Copy all entries without alteration and skip the pictures they hold.

Segment Start: RECORDS TO USE

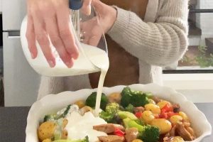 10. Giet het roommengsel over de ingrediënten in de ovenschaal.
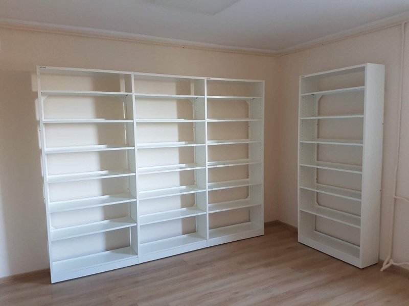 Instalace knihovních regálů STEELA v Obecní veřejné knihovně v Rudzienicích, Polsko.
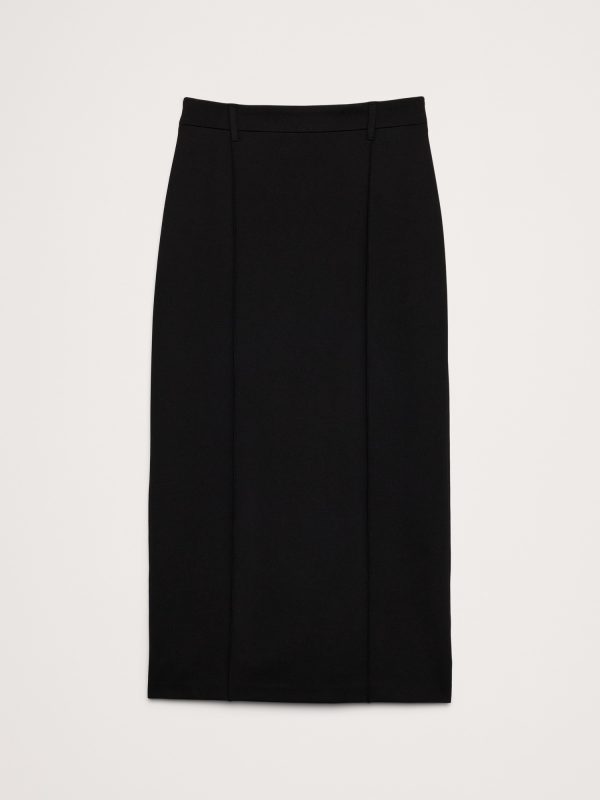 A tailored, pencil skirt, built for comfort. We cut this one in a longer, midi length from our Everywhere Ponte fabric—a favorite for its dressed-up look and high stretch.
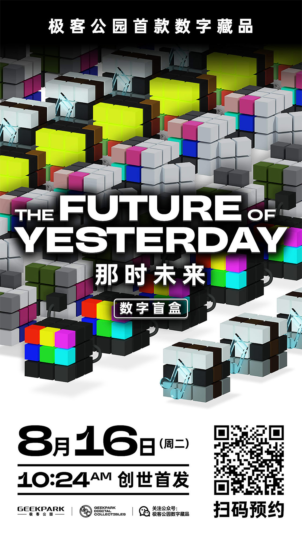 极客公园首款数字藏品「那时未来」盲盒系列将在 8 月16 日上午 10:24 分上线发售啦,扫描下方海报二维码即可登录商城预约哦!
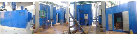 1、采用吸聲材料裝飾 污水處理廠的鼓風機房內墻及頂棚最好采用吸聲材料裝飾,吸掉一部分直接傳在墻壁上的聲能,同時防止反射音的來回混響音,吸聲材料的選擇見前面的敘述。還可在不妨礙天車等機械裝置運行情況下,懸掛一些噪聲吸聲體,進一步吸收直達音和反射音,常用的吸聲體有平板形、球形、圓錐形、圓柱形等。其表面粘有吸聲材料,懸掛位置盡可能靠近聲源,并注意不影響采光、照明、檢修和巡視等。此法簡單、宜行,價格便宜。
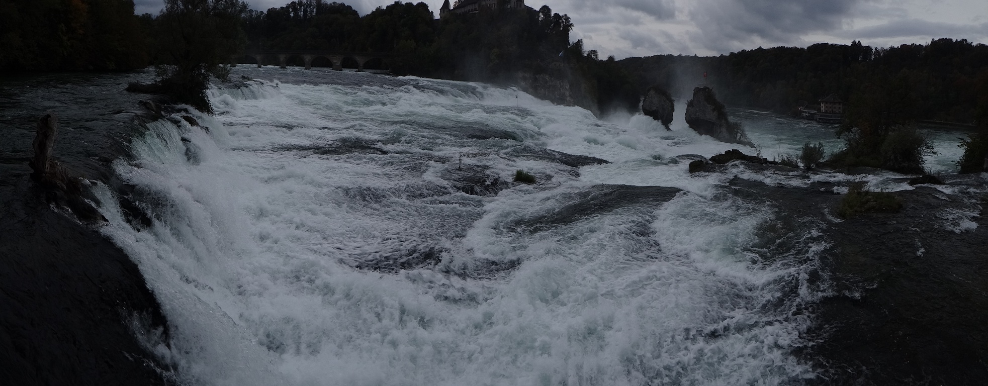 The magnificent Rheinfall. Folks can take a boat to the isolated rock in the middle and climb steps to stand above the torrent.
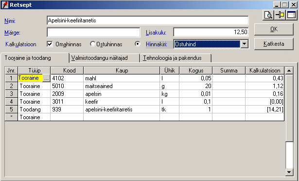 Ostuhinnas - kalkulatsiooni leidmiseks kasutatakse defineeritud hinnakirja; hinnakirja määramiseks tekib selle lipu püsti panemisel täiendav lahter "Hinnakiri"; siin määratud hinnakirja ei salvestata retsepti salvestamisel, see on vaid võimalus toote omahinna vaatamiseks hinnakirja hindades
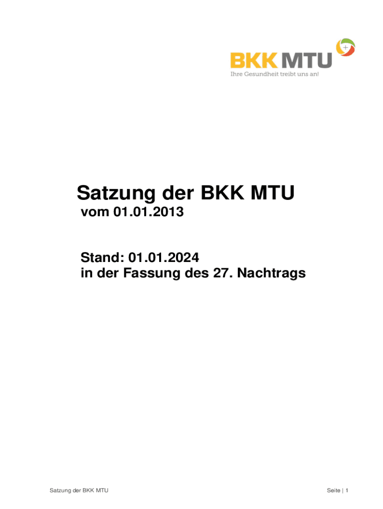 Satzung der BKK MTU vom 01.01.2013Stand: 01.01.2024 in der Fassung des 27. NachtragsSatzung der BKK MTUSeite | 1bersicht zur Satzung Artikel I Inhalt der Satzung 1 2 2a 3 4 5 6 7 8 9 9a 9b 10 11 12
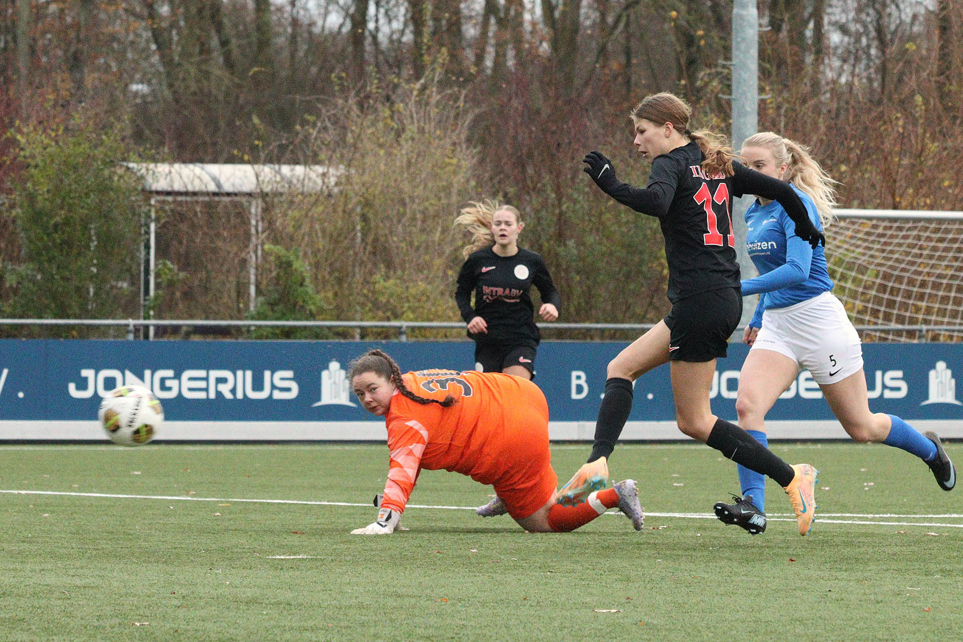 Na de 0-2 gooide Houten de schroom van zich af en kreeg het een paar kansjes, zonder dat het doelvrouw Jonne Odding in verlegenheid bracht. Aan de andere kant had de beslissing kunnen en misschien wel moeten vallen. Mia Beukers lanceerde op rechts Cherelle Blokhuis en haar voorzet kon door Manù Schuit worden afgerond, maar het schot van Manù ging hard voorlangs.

Segment End: RECORDS TO USE

» **ANSWER**
 10. Giet het roommengsel over de ingrediënten in de ovenschaal.
 Instalace knihovních regálů STEELA v Obecní veřejné knihovně v Rudzienicích, Polsko.
 A tailored, pencil skirt, built for comfort. We cut this one in a longer, midi length from our Everywhere Ponte fabric—a favorite for its dressed-up look and high stretch.
 极客公园首款数字藏品「那时未来」盲盒系列将在 8 月16 日上午 10:24 分上线发售啦,扫描下方海报二维码即可登录商城预约哦!
 1、采用吸聲材料裝飾 污水處理廠的鼓風機房內墻及頂棚最好采用吸聲材料裝飾,吸掉一部分直接傳在墻壁上的聲能,同時防止反射音的來回混響音,吸聲材料的選擇見前面的敘述。還可在不妨礙天車等機械裝置運行情況下,懸掛一些噪聲吸聲體,進一步吸收直達音和反射音,常用的吸聲體有平板形、球形、圓錐形、圓柱形等。其表面粘有吸聲材料,懸掛位置盡可能靠近聲源,并注意不影響采光、照明、檢修和巡視等。此法簡單、宜行,價格便宜。
 The magnificent Rheinfall. Folks can take a boat to the isolated rock in the middle and climb steps to stand above the torrent.
 Ostuhinnas - kalkulatsiooni leidmiseks kasutatakse defineeritud hinnakirja; hinnakirja määramiseks tekib selle lipu püsti panemisel täiendav lahter "Hinnakiri"; siin määratud hinnakirja ei salvestata retsepti salvestamisel, see on vaid võimalus toote omahinna vaatamiseks hinnakirja hindades
 Satzung der BKK MTU vom 01.01.2013Stand: 01.01.2024 in der Fassung des 27. NachtragsSatzung der BKK MTUSeite | 1bersicht zur Satzung Artikel I Inhalt der Satzung 1 2 2a 3 4 5 6 7 8 9 9a 9b 10 11 12
 Na de 0-2 gooide Houten de schroom van zich af en kreeg het een paar kansjes, zonder dat het doelvrouw Jonne Odding in verlegenheid bracht. Aan de andere kant had de beslissing kunnen en misschien wel moeten vallen. Mia Beukers lanceerde op rechts Cherelle Blokhuis en haar voorzet kon door Manù Schuit worden afgerond, maar het schot van Manù ging hard voorlangs.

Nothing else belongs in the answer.